**Task directions**
Repeat verbatim each line from the line with "かたちをつくる学習をしました" to the end of the entries. Pictures do not belong in the copy.

**Data extract**
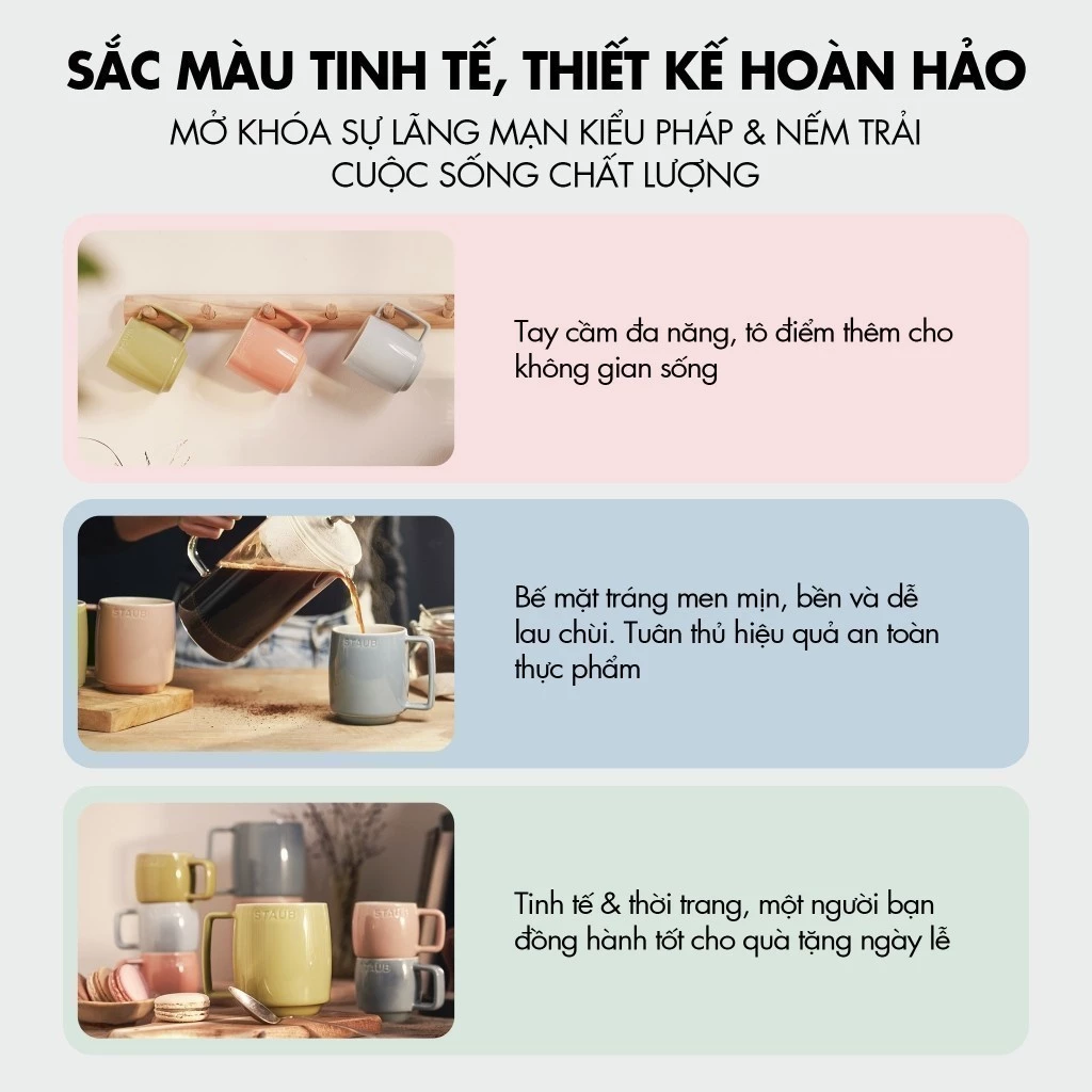 高品質な素材を使用し、丁寧な製造工程を経て作られています (原産国:中国)。STAUBのセラミックカップで、上質なカフェ体験をご自宅でお楽しみください。
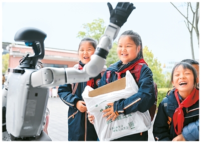 近日,重庆市两江新区重光小学迎来春季开学,智能机器人走进校园与学生们互动。王加喜摄(人民视觉)
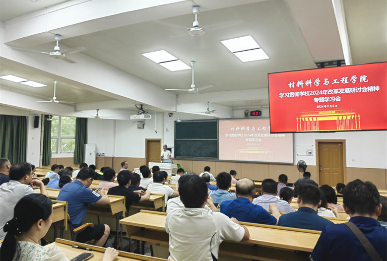 材料学院召开传达学习贯彻学校“学方略”读书班暨学校2024年改革发展研讨会精神专题学习会9月6日下午,材料科学与工程学院在屏风校区9201教室召开传达学习贯彻学校“学方略”读书班暨学校2024年改革发展研讨会精神专题学习会。会议由学院党委书记梁军主持,全院教职员工参加会议。会上,学院党委书记梁军传达了学校党委书记邓军在学校2024年发展与改革研讨会上的讲话精神和学校党委副书记、校长王敦球在会上的主题报告。根据报告内容,学院党委书记梁军为大家梳理了深入学习贯彻党的二十届三中全会精神和习近平总书记...2024-09-06 -
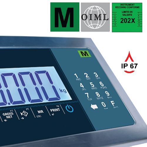 | Funzioni | Pesatura, taratura, conteggio, totalizzazione manuale o automatica, tabulazione diretta del peso della tara, memorizzazione di 5 tare, regolazione +/- con indicazione visiva (arancione-verde-rosso), uscita RS232. |
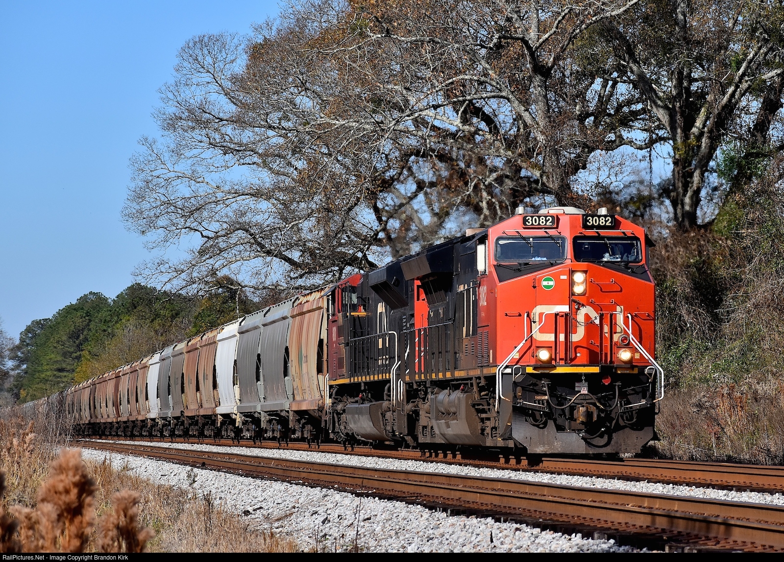 | Adding a splash of red to the Lineville Subdivision, is CSX train B241. Loaded with tons of potash (149 cars), two engines lead the Tampa bound train south with a double also assisting on the rear. As seen here, Canadian power is usually assigned to this train. NOTE: The number boards are slightly different. |
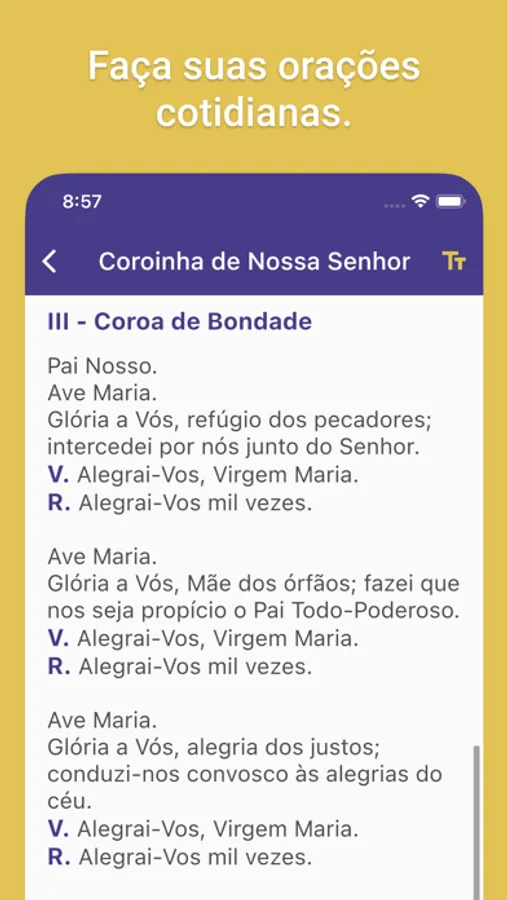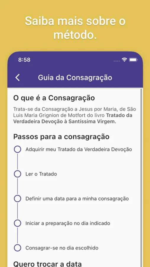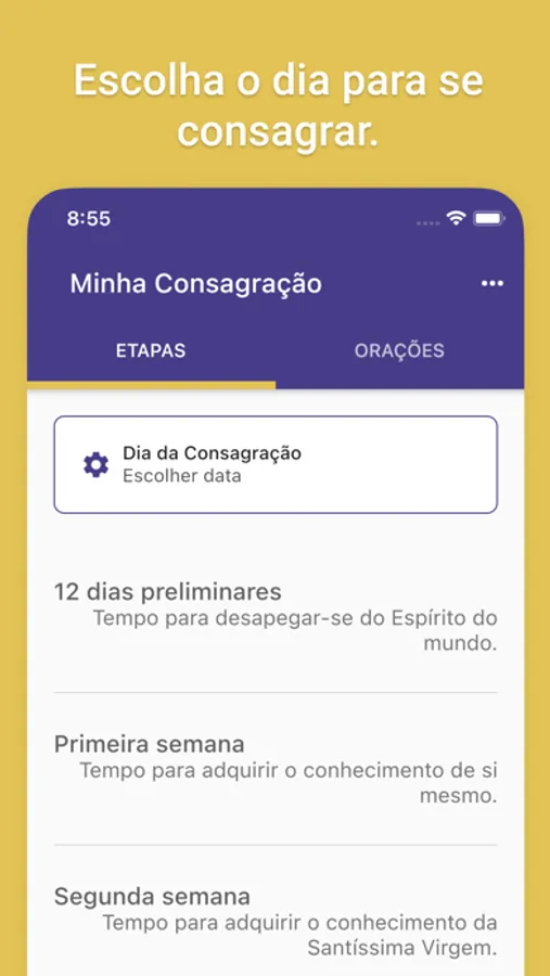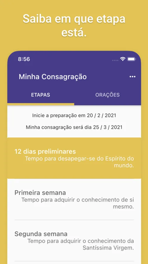 O aplicativo mostra quando você deve começar a sua preparação, ou renovação, e o acompanha informando sempre qual etapa você está e quais orações deve rezar.
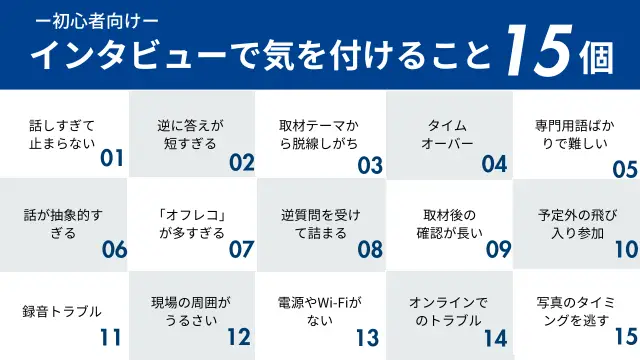 今回は、インタビュー中によくある「困った!」と、その解決策を15個まとめました。時間が足りない、話が脱線する、録音できていない……など、取材に慣れるまではヒヤヒヤする場面も多いですよね。事前に知っておけば、次の取材で落ち着いて対応できるはず!ぜひ、参考にしてみてください。
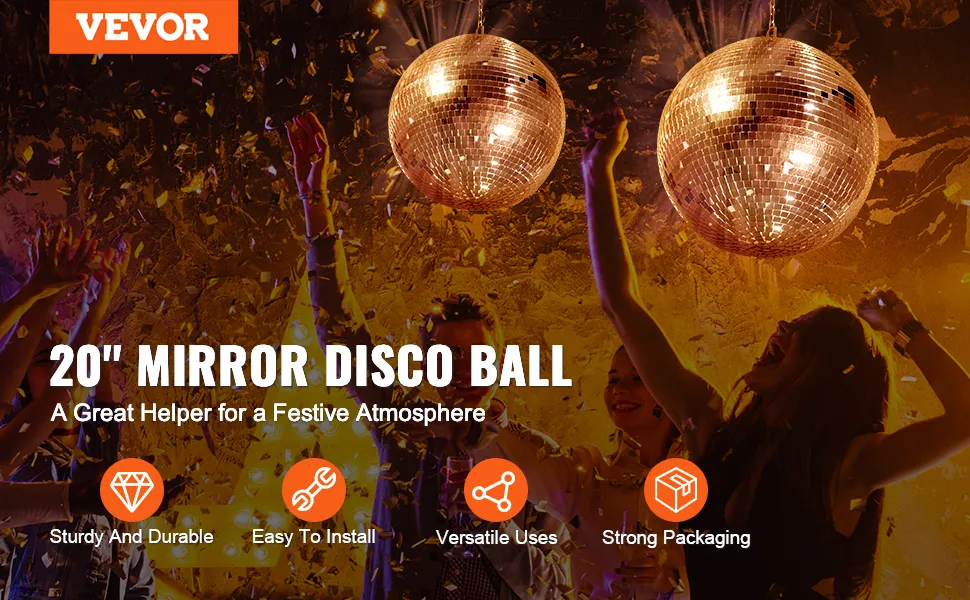 VEVOR Mirror Disco Ball, Large 20 Inch Party Mirror Ball with Hanging Ring, Lightning Disco Ball Party Decorations, Ideal for DJ Club, Stage, Wedding, Birthday, Christmas, New Years Celebration
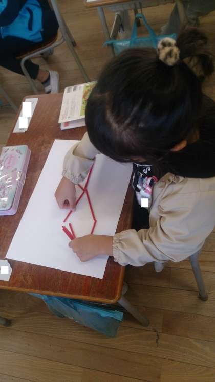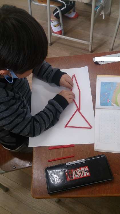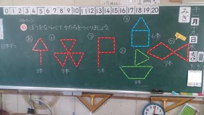 かたちをつくる学習をしました。ものの形にから、数えぼうで形をつくる学習活動です。いろいろな形を作っています。
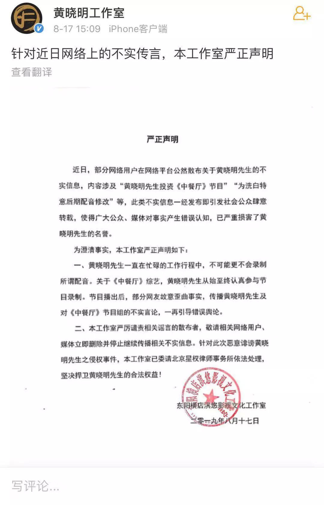 8月17日中午,黄晓明工作室针对“黄晓明投资中餐厅”、“为洗白自己后期配音修改”等网络传言发出声明,否认传言真实性,表示网络流传的不实信息使公众产生错误认知,已严重损害艺人名誉。
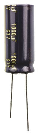 Panasonic 1000μF 63V dc Aluminium Electrolytic Capacitor, Through Hole 16 (Dia.) x 35.5mm +105°C 16mm 7.5mm [EEUFC1J102]; 108-4030

**Answer space**
 かたちをつくる学習をしました。ものの形にから、数えぼうで形をつくる学習活動です。いろいろな形を作っています。
 8月17日中午,黄晓明工作室针对“黄晓明投资中餐厅”、“为洗白自己后期配音修改”等网络传言发出声明,否认传言真实性,表示网络流传的不实信息使公众产生错误认知,已严重损害艺人名誉。
 Panasonic 1000μF 63V dc Aluminium Electrolytic Capacitor, Through Hole 16 (Dia.) x 35.5mm +105°C 16mm 7.5mm [EEUFC1J102]; 108-4030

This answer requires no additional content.